Item 7.01 | Regulation FD Disclosure. |
On December 17, 2024, Biomea Fusion, Inc. (the “Company”) issued a press release announcing topline data from the Phase II portion of COVALENT-111, the Company’s clinical trial of its lead product candidate, icovamenib, in type 2 diabetes. A copy of the press release is furnished herewith as Exhibit 99.1 to this Current Report on Form 8-K.
The Company also hosted a conference call and live webcast to discuss the interim clinical data on December 17, 2024 at 8:00 a.m. E.T. The Company has made available a slide presentation to accompany the call, a copy of which is furnished herewith as Exhibit 99.2 to this Current Report on Form 8-K.
The information in this Item 7.01, including Exhibit 99.1 and Exhibit 99.2 attached hereto, is intended to be furnished and shall not be deemed “filed” for purposes of Section 18 of the Securities Exchange Act of 1934, as amended (the “Exchange Act”), or otherwise subject to the liabilities of that section, nor shall it be deemed incorporated by reference in any filing under the Securities Act of 1933, as amended (the “Securities Act”), or the Exchange Act, except as expressly set forth by specific reference in such filing.
On December 17, 2024, the Company reported positive topline results from its ongoing Phase II COVALENT-111 Study in patients with type 2 diabetes (“T2D”). Icovamenib met the primary endpoint, displaying a meaningful statistically significant placebo-corrected mean reduction in HbA1c at Week 26 in the prespecified per protocol patient population. Specifically, Arm B, the larger patient set from the two 12-week dosing arms, demonstrated a statistically significant reduction in HbA1c compared to placebo in all patients treated in the Per Protocol Patient population. In a post-hoc analysis of patients receiving at least one anti-diabetic medication, all active dosing arms combined as well as Arm B demonstrated a statistically significant reduction in HbA1c compared to placebo. Best response was achieved in target, beta-cell deficient patients on one or more antidiabetic agents at baseline (Arm B, n=7), showing a placebo-adjusted mean reduction of 1.47% in HbA1c at Week 26 with statistical significance, after only 12 weeks of dosing with 100 mg icovamenib. Additionally it was noted that icovamenib was generally well-tolerated, with no adverse-event related discontinuations, no hypoglycemic events, and no related serious adverse events.
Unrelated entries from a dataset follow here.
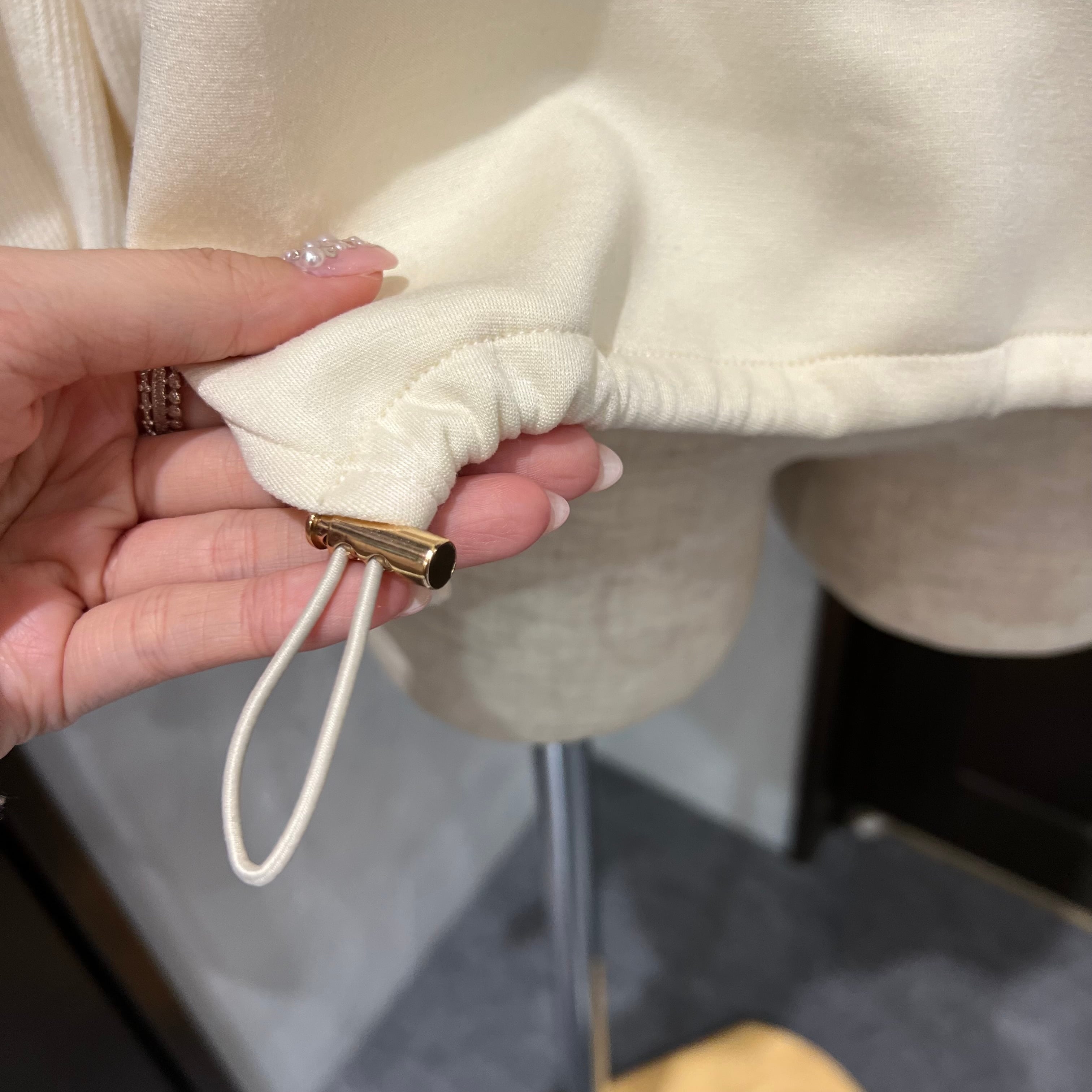 裾にはドローストリング付きで、軽く絞るとメリハリのあるラインに変化します。
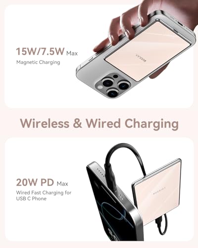 Kuulaa Magsafe Power Bank in Pink: Ultralchtes, kabelloses Ladeerlebnis mit magnetischer Befestigung. Die kompakte 5000 mAh Powerbank verbindet Mobilität mit praktischer Magnet-Technologie und USB-C Ausgang, kompatibel mit iPhone 16/15/14/13/12 Serien sowie Pro-, Pro Max-, Plus- und Mini-Modellen. Dank schlankem Design passt das Ladegerät bequem in Tasche oder Handyhülle, sodass Sie unterwegs zuverlässig Energie nachladen. Die magnetische Halterung sorgt für eine sichere Platzierung am Smartphone, während der USB-C Ausgang eine schnelle Stromversorgung ermöglicht. Ideal für Tage unterwegs, Reisen oder Notfälle – zuverlässig, flexibel und stilvoll in Pink.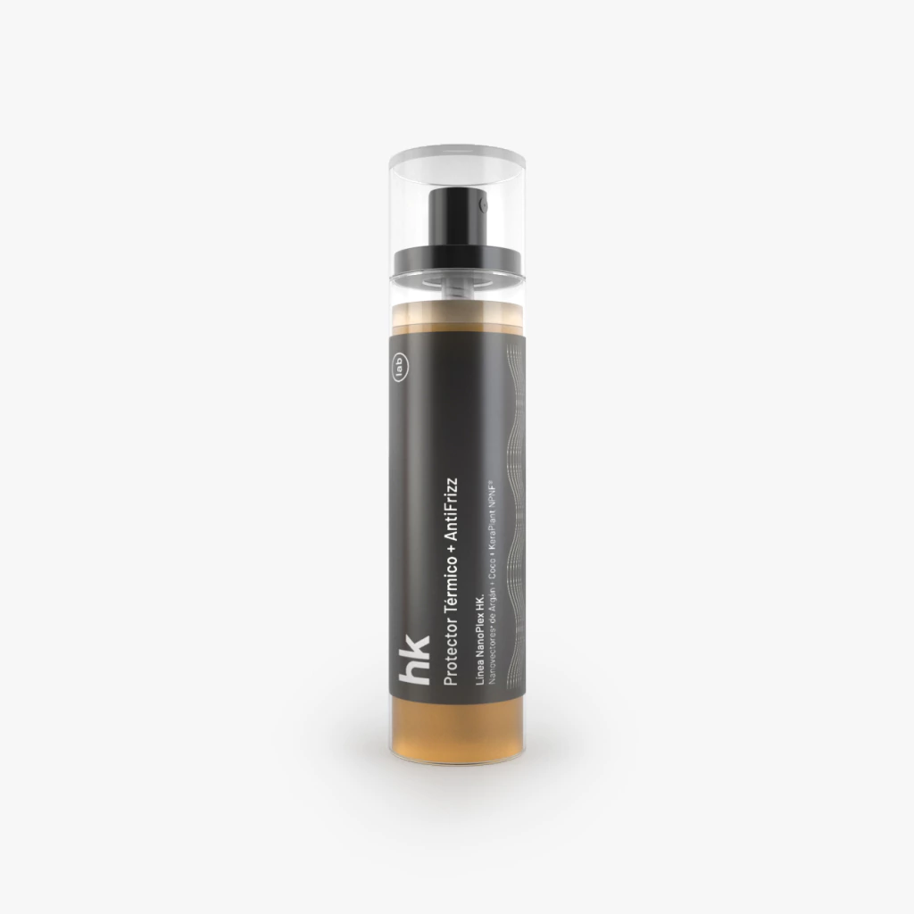Al agitarlo, ambas fases se fusionan creando una bruma ultraligera que envuelve la fibra capilar, sellando la cutícula y formando una barrera protectora frente al calor, la humedad y la estática.

The purpose of COVALENT-111 is to identify the optimal dose and the patient population to advance with icovamenib in late-stage clinical development. The topline data at Week 26 supports that 12-weeks of treatment of consistent 100 mg once-daily exposure, Arm B, was the best performing dose scheme, and the insulin-deficient patient population (SIDD and MARD patients) were the best responding subjects. The SIDD and MARD subgroups are known to demonstrate the lowest beta-cell function and lowest fasting c-peptide of the four phenotypes. COVALENT-111 is a double-blinded, randomized, 3:1 placebo-controlled trial that has enrolled adult patients diagnosed with T2D within the last 7 years, who had HbA1c levels between 7.0% and 10.5%, and a body mass index (BMI) between 25 and 40 kg/m². At baseline, all participants were receiving treatment with diet and exercise and were uncontrolled with up to three antidiabetic medications. Icovamenib was investigated in three different dosing arms with a primary follow up after 26 weeks, which the Company reported on: Arm A at 100mg QD (once daily) for 8 weeks, Arm B at 100mg QD for 12 weeks, and Arm C at 100 mg QD for 8 weeks and 100mg BID (twice daily) for 4 weeks. The study enrolled a total of 225 patients who received at least one dose of icovamenib and were considered evaluable for the modified intent-to-treat population. Dosing was interrupted for many patients due to an interim clinical hold imposed by the U.S. Food and Drug Administration (the “FDA”). This topline efficacy analysis focuses on those patients who had completed at least 80% of their assigned dosing schedule prior to the clinical hold, the Per Protocol Patient population, and includes a post-hoc analysis of the subgroup (90% of Per Protocol Patients) who were treated with one or more anti-hyperglycemic therapies at baseline (n=168).
Based on these initial results and the upcoming 52-week readout in the second half 2025, we plan to engage with the FDA to discuss the data. This meeting will provide an opportunity to align with FDA on how to further advance icovamenib as a first-in-class menin inhibitor therapy for T2D.